Surat Terbuka Habib Umar Hamid untuk Mahfud MD

Kepada Yth Bpk.Mahfud MD

Assalamualaikum wr.wb.

Melalui surat ini saya ingin menanggapi surat dukungan Anda kepada Rhoma Irama terkait perlawanannya terhadap apa yang Anda sebut sebagai gerakan habaib.

Meskipun surat itu Anda tujukan untuk pribadi Rhoma Irama, namun karena beredar (diedarkan?) secara luas di ruang publik (dalam hal ini di media sosial), maka saya sebagai bagian dari masyarakat Indonesia merasa berhak untuk memberikan tanggapan.
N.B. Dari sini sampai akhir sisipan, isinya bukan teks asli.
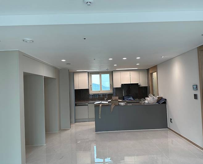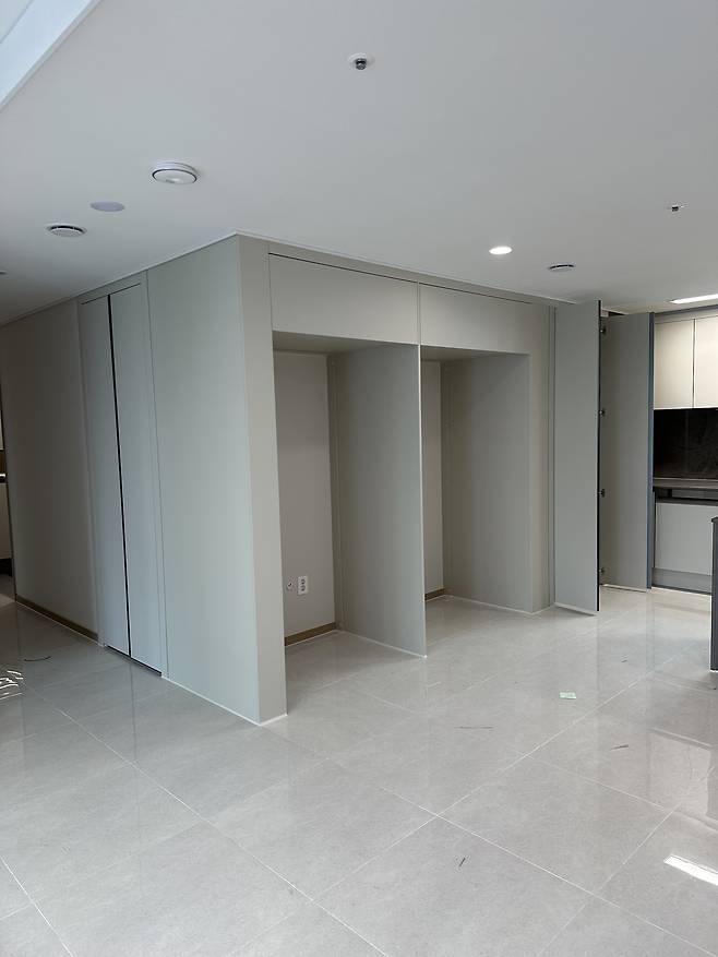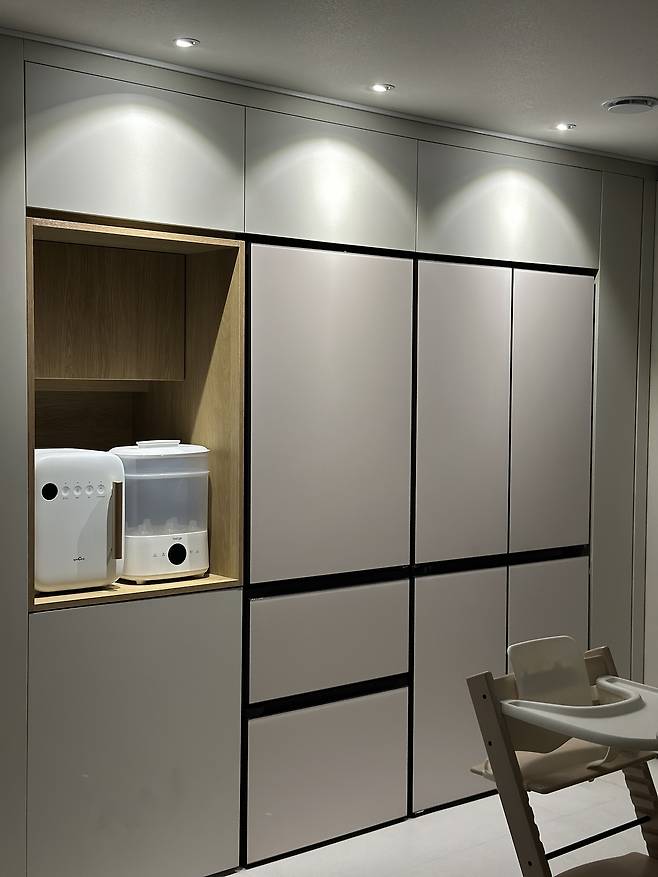 청약 당첨 후 새 집으로 사전 점검을 왔을 땐 기본 옵션으로 바닥 타일을 깔고 주방 확장을 했어요. 그 이후로 둘째가 생기는 바람에 시공 매트도 하고, 홈바가 만들고 싶어서 냉장고장도 다시 건드리고, 거실 조명부터 복도 조명까지 새로 시공했습니다. 더 큰 변화를 주고 싶지만 알파룸은 팬트리로 만들어버려서 가구를 놓을 공간이 부족하더라고요. 요즘엔 '최대한 미니멀로 지내보자'하고 쭈욱 살아가고 있습니다.

Saat pertama kali membaca surat itu, saya dan beberapa kawan, baik dari suku Baalawy maupun dari suku-suku lain, tak percaya bahwa itu benar-benar tulisan Anda. Kami meyakini nama Anda telah dicatut oleh orang-orang yang kurang lebih selama dua tahun belakangan ini giat membangkitkan kebencian rasial terhadap etnis Baalawy. Melalui tayangan-tayangan di Youtube, kelompok itu berupaya menciptakan permusuhan antar sesama anak bangsa.

Narasi yang dibangun antara lain bahwa trah Baalawy merupakan keturunan Yahudi, keturunan imigran Yaman yang sama sekali tak memiliki peran dalam perjuangan kemerdekaan Indonesia, antek-antek penjajah Belanda, pengkhianat bangsa, dan ingin menjajah Indonesia.
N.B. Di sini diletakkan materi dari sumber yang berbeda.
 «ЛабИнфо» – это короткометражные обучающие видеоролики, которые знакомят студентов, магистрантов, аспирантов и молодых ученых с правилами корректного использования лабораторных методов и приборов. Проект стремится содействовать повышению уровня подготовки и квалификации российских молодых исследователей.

Namun kami sangat terkejut ketika memperoleh konfirmasi bahwa memang Anda penulisnya. Dan itu membuat kami kecewa dan sedih. Mengapa demikian? Karena selama ini kami melihat Anda sebagai tokoh nasional dengan wawasan kebangsaan dan intelektual yang mengagumkan. Kami juga memandang Anda sebagai pejabat dan politisi yang memiliki integritas, nasionalis, dan inklusif.

Namun sungguh kami sayangkan Anda ikut berbicara dan memihak dalam polemik nasab (sebuah tema yang pada dasarnya tidak penting dan kontra produktif ).

Prof. Mahfud MD yang terhormat, adalah sepenuhnya hak Anda untuk berpendapat bahwa secara tes DNA, nasab Baalawy (termasuk Prof.Quraish Shihab dan Prof.Alwi Shihab tentunya) tidak tersambung ke Nabi Muhammad. Dan itu sama sekali bukan masalah.

Namun di sini saya melihat ambiguitas Anda (juga Rhoma Irama). Anda mengatakan bahwa nasab siapa pun, nasab Firaun sekalipun, sama saja; tidak ada bedanya dalam kesederajatan manusia.

Jika nasab bukan sesuatu yang penting; jika ketersambungan dan ketidaktersambungan nasab kepada Nabi Muhammad tidak mengubah pandangan dan sikap Anda kepada seseorang atau sekelompok orang (dengan kata lain Anda hanya menilai orang berdasarkan ilmu dan perilakunya; kalau baik Anda dukung, kalau salah Anda tolak), lalu apa perlunya Anda berbicara soal keabsahan nasab dan tes DNA segala?

Mengapa Rhoma Irama begitu bersemangat ingin membuktikan keabsahan dan ketidakabsahan nasab Baalawy? Bukankah beliau berkali-kali mengatakan bahwa nasab Baalawy tersambung ke Nabi Muhammad atau tidak, kita akan tetap bersahabat dan menghormati habaib dalam bingkai ukhuwah Islamiyah? Lalu kalau tidak akan mengubah apa-apa, mengapa beliau begitu menggebu ingin membuktikan, sampai-sampai tega menuduh suku Baalawy takut dites DNA segala?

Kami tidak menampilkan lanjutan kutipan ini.